Start of Task inputs
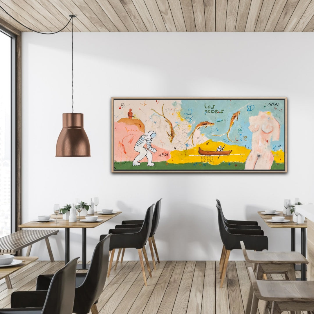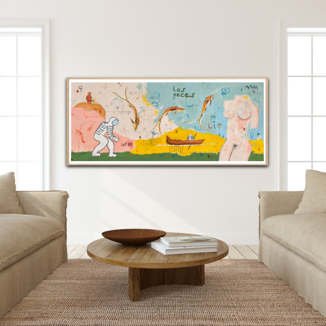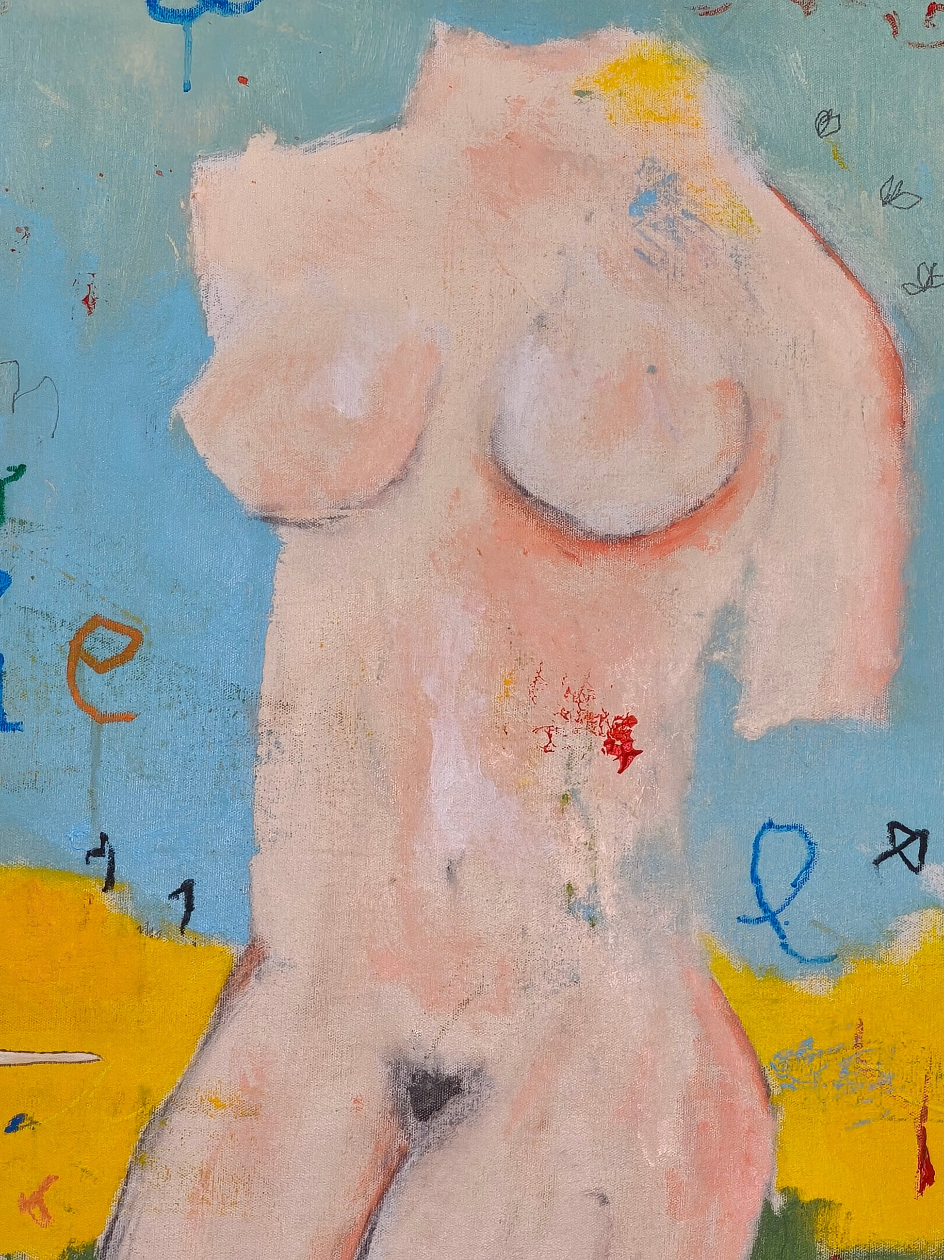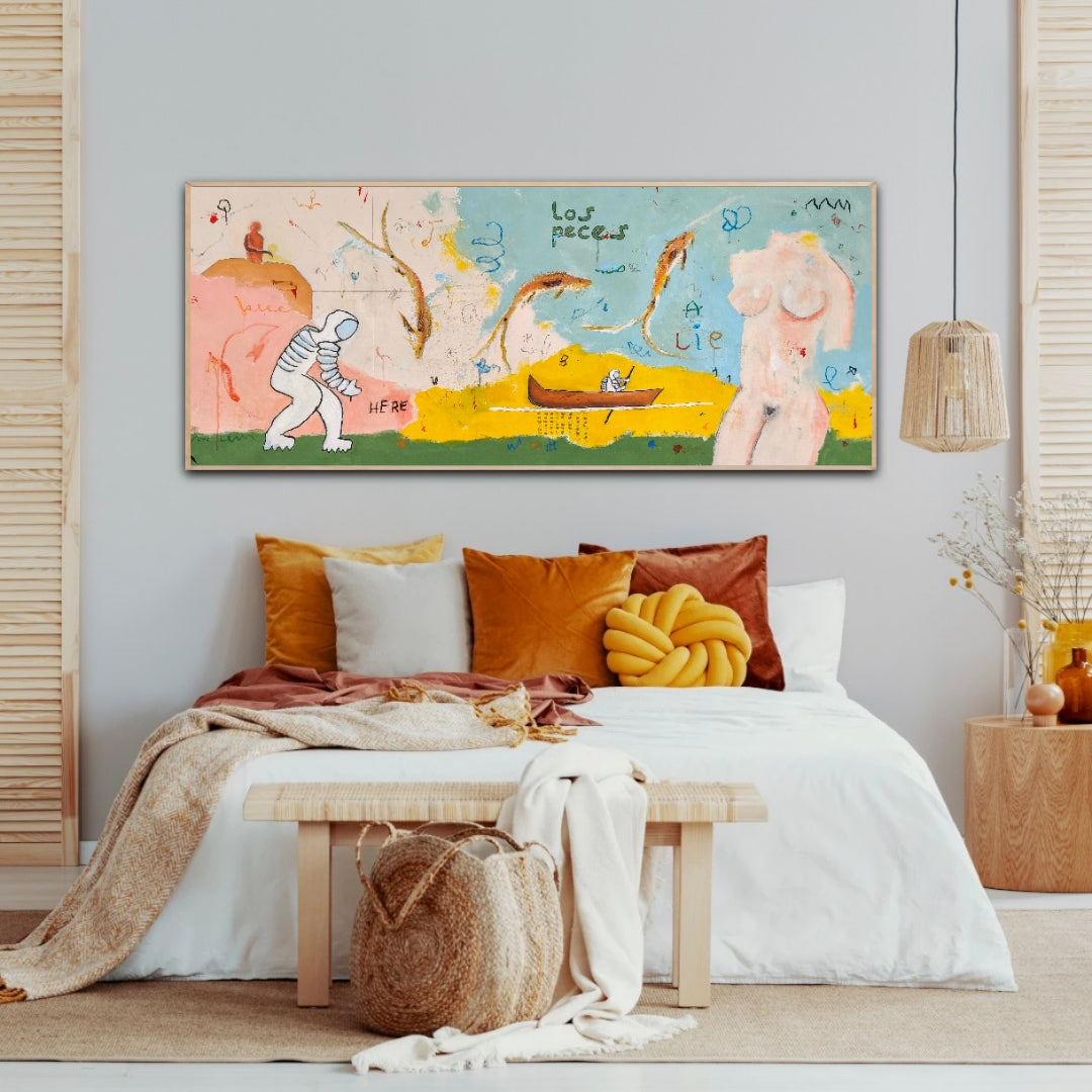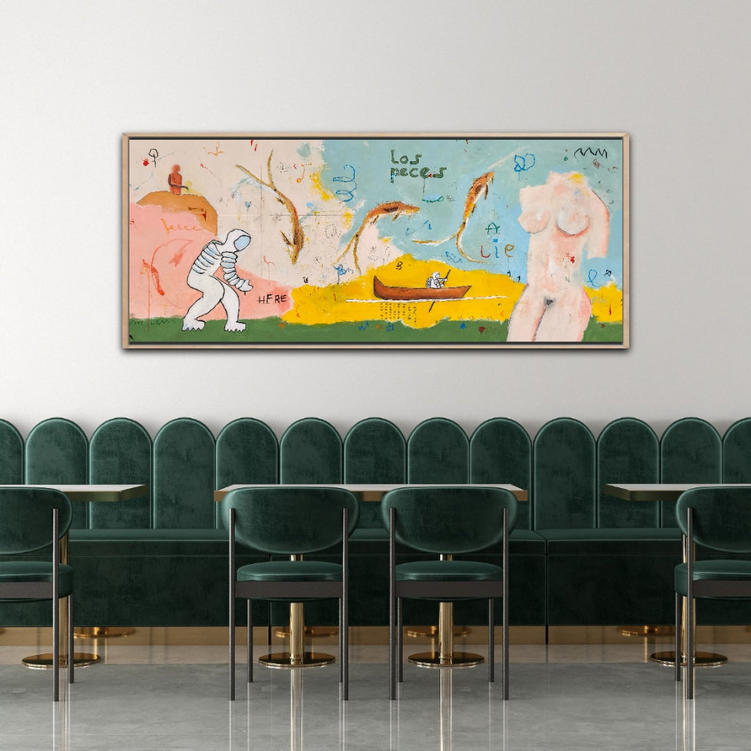 Técnica: acrílico, lápiz, carboncillo, gesso, ceras.
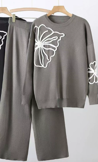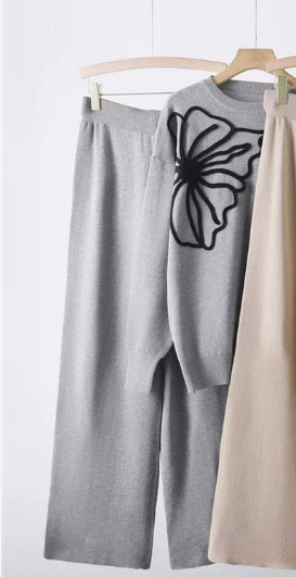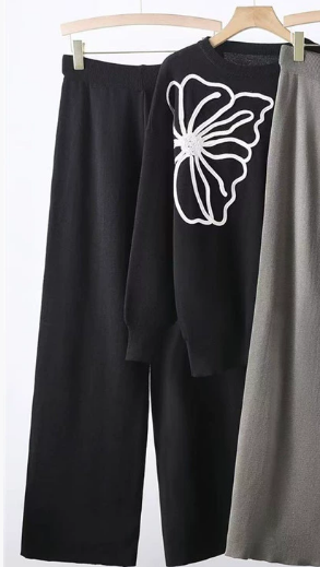 Autumn Winter Crew Neck Pullover Sweater Women Floral Line All Match Top Two Piece Sets
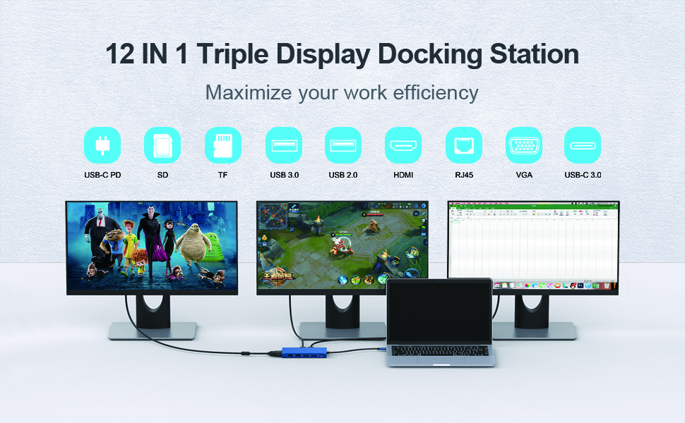 12 in 1 Triple Display USB C Hub Adapter
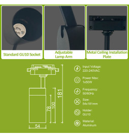 Foco de Carril Monofásico para Bombillas GU10, fabricado en aluminio, combina versatilidad y diseño funcional. Su fácil instalación y capacidad orientable permiten dirigir la luz en cualquier dirección, ideal para adaptar la iluminación según tus necesidades. Ideal para rincones de lectura, escaparates o presentaciones de productos.
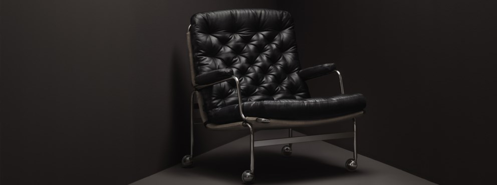Der Sessel Karin 73 aus dem klassischen Bruno Mathsson-Designsortiment bietet mit seinem fein verchromten Rahmen und der gesteppten Polsterung eine elegante Sitzgelegenheit.
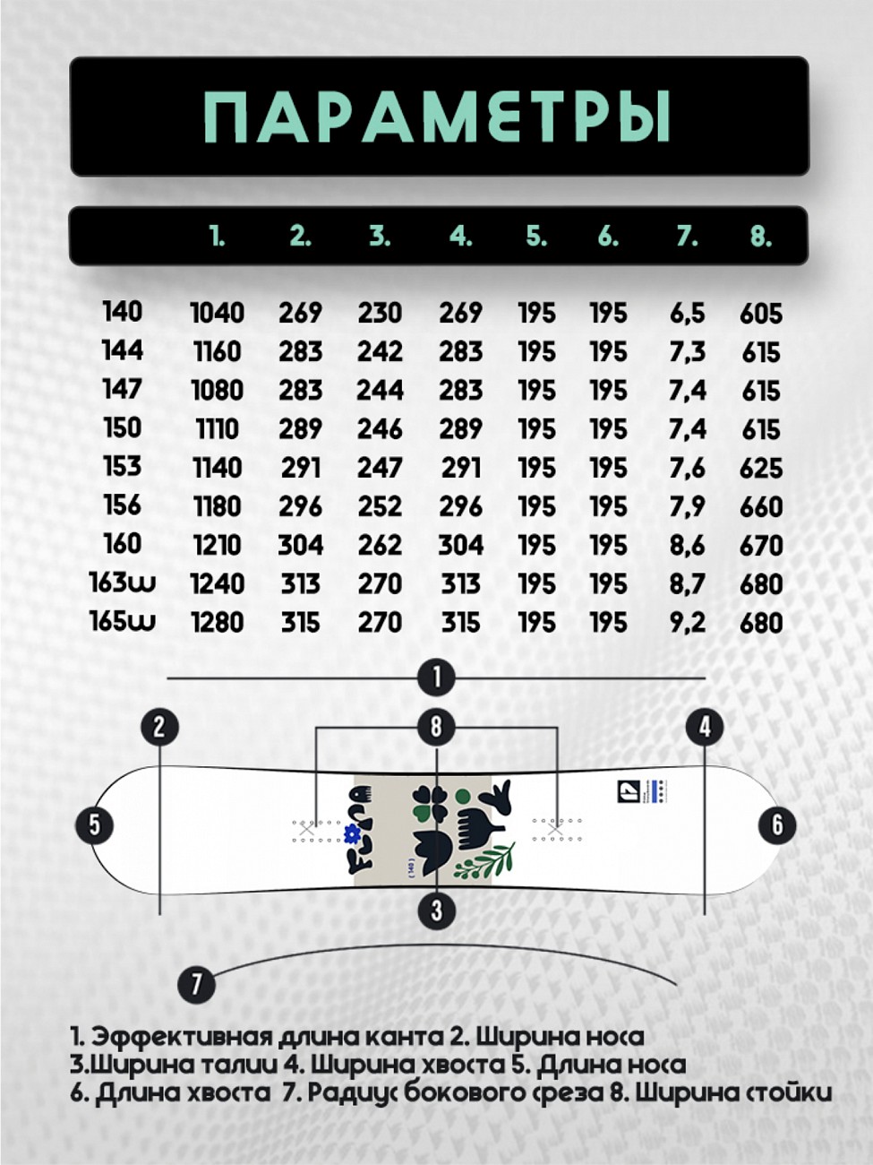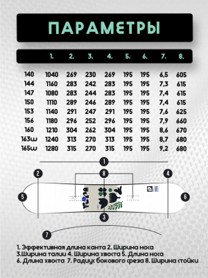 Геометрия определяется рядом характеристик: Ростовка - это длина доски от ее носа до хвоста. Как правило, соотношение веса райдера и рекомендуемой ростовки указано в таблицах описания моделей. Ширина носа и хвоста - это расстояние между самыми удаленными друг от друга точками, носа и хвоста, соответственно. Обычно эти два показателя определяют симметрию или асимметрию сноуборда. Ширина талии - это расстояния между ближайшими точками боковых поверхностей доски. Эффективная длина канта - это та часть канта доски, которая касается склона при движении и поворотах. Радиус бокового выреза - это радиус воображаемой окружности, часть которой проходит по боковой части канта доски.
End of Task inputs
Required action:
Copy exactly the lines from the first line of the records above through the line with "Der Sessel Karin", both included, and nothing else. Pictures stay out.

Response to the task:
 Técnica: acrílico, lápiz, carboncillo, gesso, ceras.
 Autumn Winter Crew Neck Pullover Sweater Women Floral Line All Match Top Two Piece Sets
 12 in 1 Triple Display USB C Hub Adapter
 Foco de Carril Monofásico para Bombillas GU10, fabricado en aluminio, combina versatilidad y diseño funcional. Su fácil instalación y capacidad orientable permiten dirigir la luz en cualquier dirección, ideal para adaptar la iluminación según tus necesidades. Ideal para rincones de lectura, escaparates o presentaciones de productos.
Der Sessel Karin 73 aus dem klassischen Bruno Mathsson-Designsortiment bietet mit seinem fein verchromten Rahmen und der gesteppten Polsterung eine elegante Sitzgelegenheit.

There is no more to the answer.